=== What the task requires ===
Go through the listing below and output exactly the line with "EffenJerseyRonde halsGevoerde zoom/randGeribbelde", the line with "- Amazing Snowfall", and each line between; omit the rest.

[[ Supplied data, beginning ]]

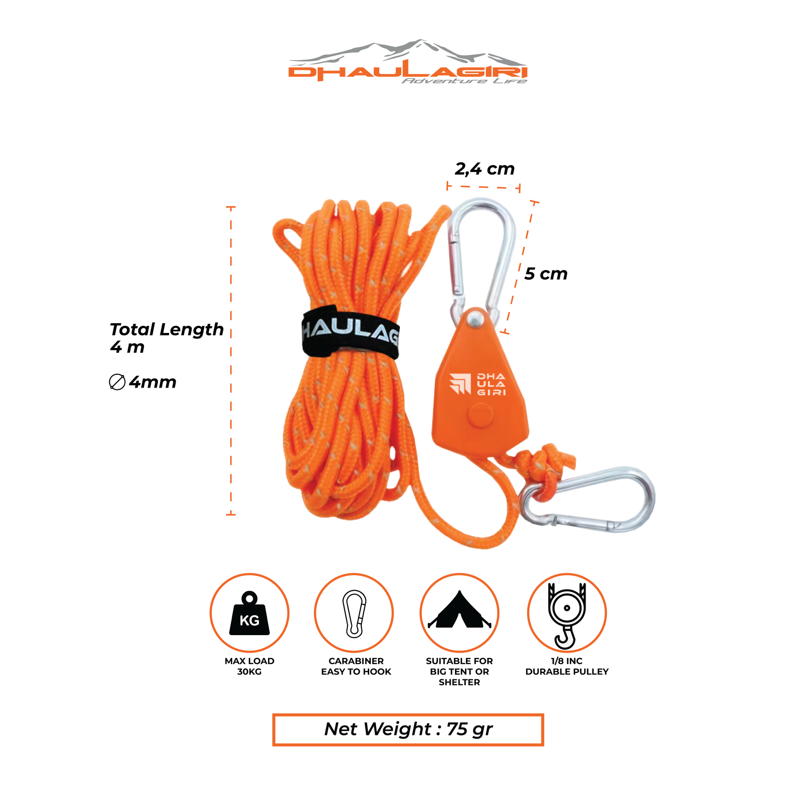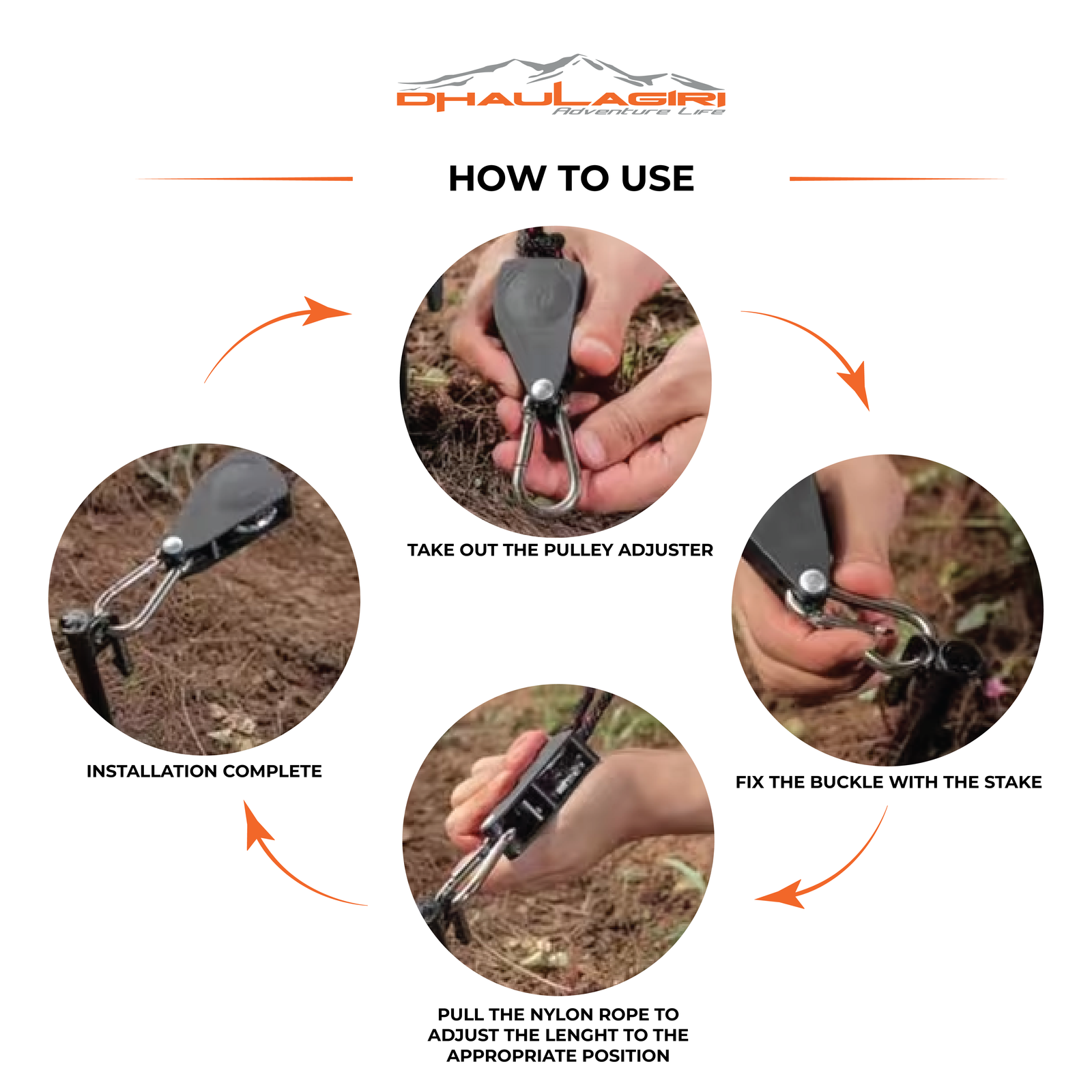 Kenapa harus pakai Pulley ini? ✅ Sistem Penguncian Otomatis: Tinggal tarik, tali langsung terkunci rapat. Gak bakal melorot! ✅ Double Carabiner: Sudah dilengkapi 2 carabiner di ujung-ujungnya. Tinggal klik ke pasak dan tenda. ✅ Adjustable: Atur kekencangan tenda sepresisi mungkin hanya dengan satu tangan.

[[ Supplied data, end ]]
[[ Supplied data, beginning ]]

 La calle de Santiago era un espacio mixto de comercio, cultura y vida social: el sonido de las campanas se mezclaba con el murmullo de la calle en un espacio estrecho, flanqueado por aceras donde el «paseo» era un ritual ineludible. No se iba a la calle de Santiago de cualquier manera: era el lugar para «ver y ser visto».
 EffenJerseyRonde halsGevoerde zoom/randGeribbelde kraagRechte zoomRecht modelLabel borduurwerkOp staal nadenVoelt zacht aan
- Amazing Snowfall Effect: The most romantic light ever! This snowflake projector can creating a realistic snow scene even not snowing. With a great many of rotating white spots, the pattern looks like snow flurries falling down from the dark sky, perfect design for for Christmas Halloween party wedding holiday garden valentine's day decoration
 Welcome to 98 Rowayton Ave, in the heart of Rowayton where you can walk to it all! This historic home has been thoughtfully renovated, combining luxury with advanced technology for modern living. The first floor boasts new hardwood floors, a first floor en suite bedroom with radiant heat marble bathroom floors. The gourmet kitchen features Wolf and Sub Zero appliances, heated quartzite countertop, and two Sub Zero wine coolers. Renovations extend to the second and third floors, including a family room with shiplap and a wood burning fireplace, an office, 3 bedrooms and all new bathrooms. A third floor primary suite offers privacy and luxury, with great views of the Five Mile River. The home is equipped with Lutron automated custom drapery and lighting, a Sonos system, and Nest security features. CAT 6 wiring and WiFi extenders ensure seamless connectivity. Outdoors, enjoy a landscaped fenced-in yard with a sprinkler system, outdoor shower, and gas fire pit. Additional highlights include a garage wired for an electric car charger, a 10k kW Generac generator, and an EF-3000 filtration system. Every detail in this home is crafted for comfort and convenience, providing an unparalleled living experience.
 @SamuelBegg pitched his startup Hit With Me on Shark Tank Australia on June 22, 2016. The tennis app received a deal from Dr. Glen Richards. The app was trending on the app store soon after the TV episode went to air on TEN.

[[ Supplied data, end ]]

=== Expected answer ===
 EffenJerseyRonde halsGevoerde zoom/randGeribbelde kraagRechte zoomRecht modelLabel borduurwerkOp staal nadenVoelt zacht aan
- Amazing Snowfall Effect: The most romantic light ever! This snowflake projector can creating a realistic snow scene even not snowing. With a great many of rotating white spots, the pattern looks like snow flurries falling down from the dark sky, perfect design for for Christmas Halloween party wedding holiday garden valentine's day decoration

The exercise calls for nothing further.